Task »
When you copy from the entries that follow, take only the lines from the one with "Elevate your space" down to the one with "Diana Ross: Diana", keeping both ends and dropping every picture.

Raw data »

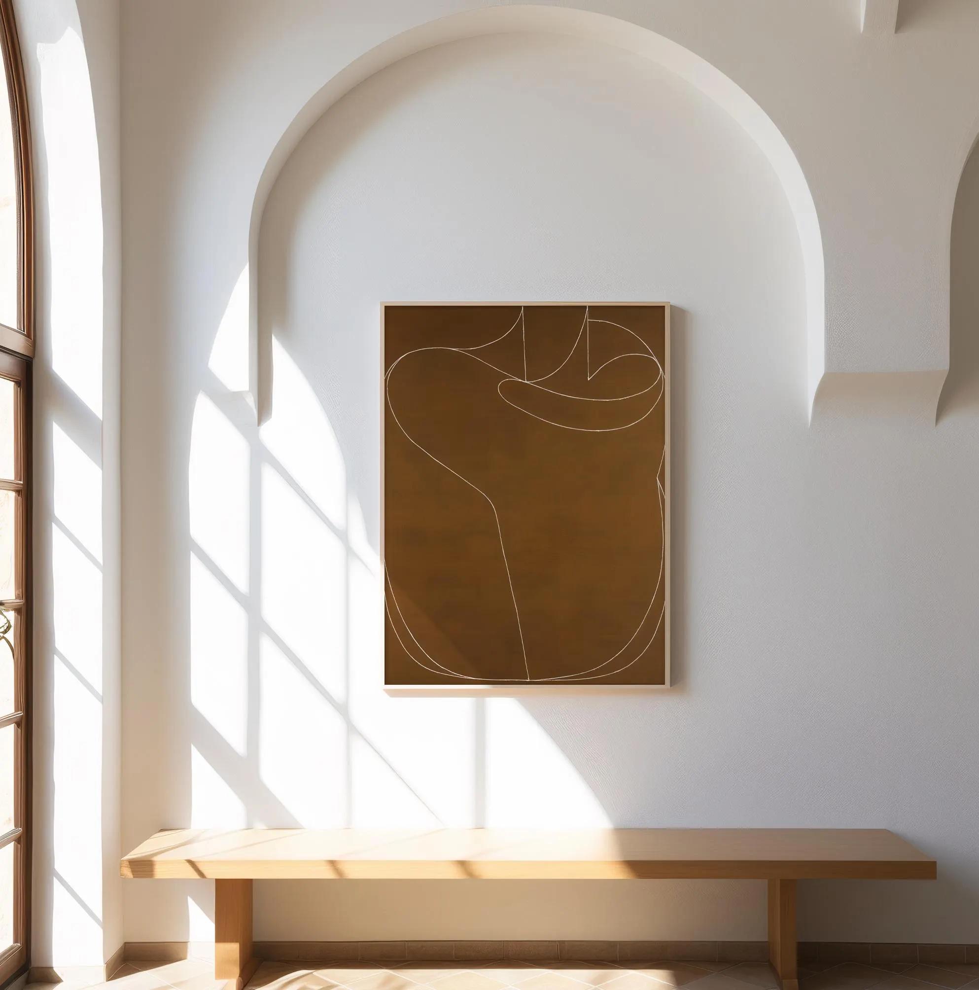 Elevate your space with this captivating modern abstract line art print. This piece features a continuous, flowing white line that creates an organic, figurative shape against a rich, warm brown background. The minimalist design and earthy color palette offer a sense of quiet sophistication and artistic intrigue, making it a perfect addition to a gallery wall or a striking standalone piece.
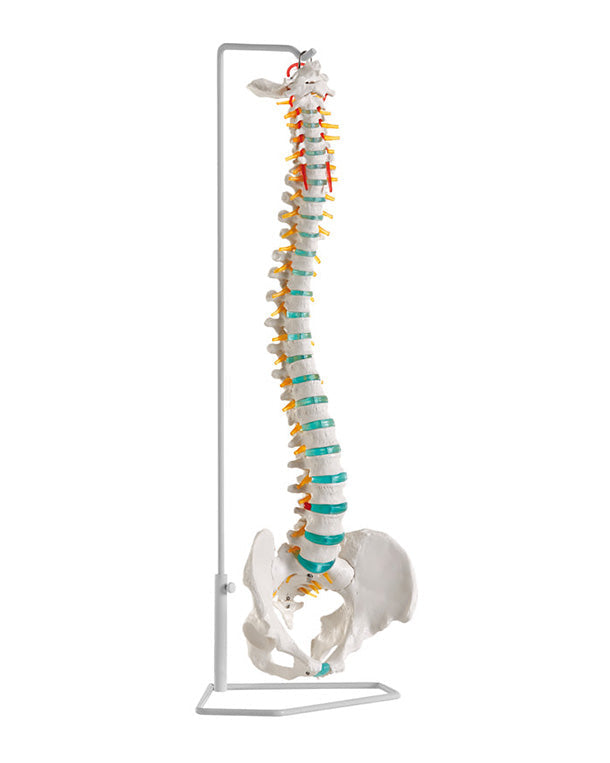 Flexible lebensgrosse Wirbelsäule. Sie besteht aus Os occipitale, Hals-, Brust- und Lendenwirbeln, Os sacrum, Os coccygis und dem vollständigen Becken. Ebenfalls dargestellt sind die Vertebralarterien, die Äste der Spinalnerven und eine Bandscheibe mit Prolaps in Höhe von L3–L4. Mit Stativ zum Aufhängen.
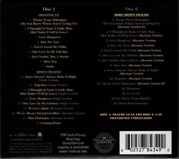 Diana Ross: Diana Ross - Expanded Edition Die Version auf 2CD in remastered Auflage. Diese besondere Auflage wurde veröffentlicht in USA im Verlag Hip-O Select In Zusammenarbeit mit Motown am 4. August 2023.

---

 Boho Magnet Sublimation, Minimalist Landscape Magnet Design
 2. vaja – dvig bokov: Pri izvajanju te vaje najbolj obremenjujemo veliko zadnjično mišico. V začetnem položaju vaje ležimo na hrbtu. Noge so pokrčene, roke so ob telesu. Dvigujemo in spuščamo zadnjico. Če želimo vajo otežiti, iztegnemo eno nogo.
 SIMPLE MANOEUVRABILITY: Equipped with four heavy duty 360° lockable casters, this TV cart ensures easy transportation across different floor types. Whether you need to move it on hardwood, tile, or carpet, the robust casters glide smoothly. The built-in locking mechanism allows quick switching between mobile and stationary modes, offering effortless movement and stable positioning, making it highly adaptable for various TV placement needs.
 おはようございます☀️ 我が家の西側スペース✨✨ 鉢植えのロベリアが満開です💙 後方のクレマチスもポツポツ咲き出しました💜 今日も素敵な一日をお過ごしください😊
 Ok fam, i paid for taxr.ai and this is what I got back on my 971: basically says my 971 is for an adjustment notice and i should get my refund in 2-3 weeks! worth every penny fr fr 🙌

Reply to the task »
 Elevate your space with this captivating modern abstract line art print. This piece features a continuous, flowing white line that creates an organic, figurative shape against a rich, warm brown background. The minimalist design and earthy color palette offer a sense of quiet sophistication and artistic intrigue, making it a perfect addition to a gallery wall or a striking standalone piece.
 Flexible lebensgrosse Wirbelsäule. Sie besteht aus Os occipitale, Hals-, Brust- und Lendenwirbeln, Os sacrum, Os coccygis und dem vollständigen Becken. Ebenfalls dargestellt sind die Vertebralarterien, die Äste der Spinalnerven und eine Bandscheibe mit Prolaps in Höhe von L3–L4. Mit Stativ zum Aufhängen.
 Diana Ross: Diana Ross - Expanded Edition Die Version auf 2CD in remastered Auflage. Diese besondere Auflage wurde veröffentlicht in USA im Verlag Hip-O Select In Zusammenarbeit mit Motown am 4. August 2023.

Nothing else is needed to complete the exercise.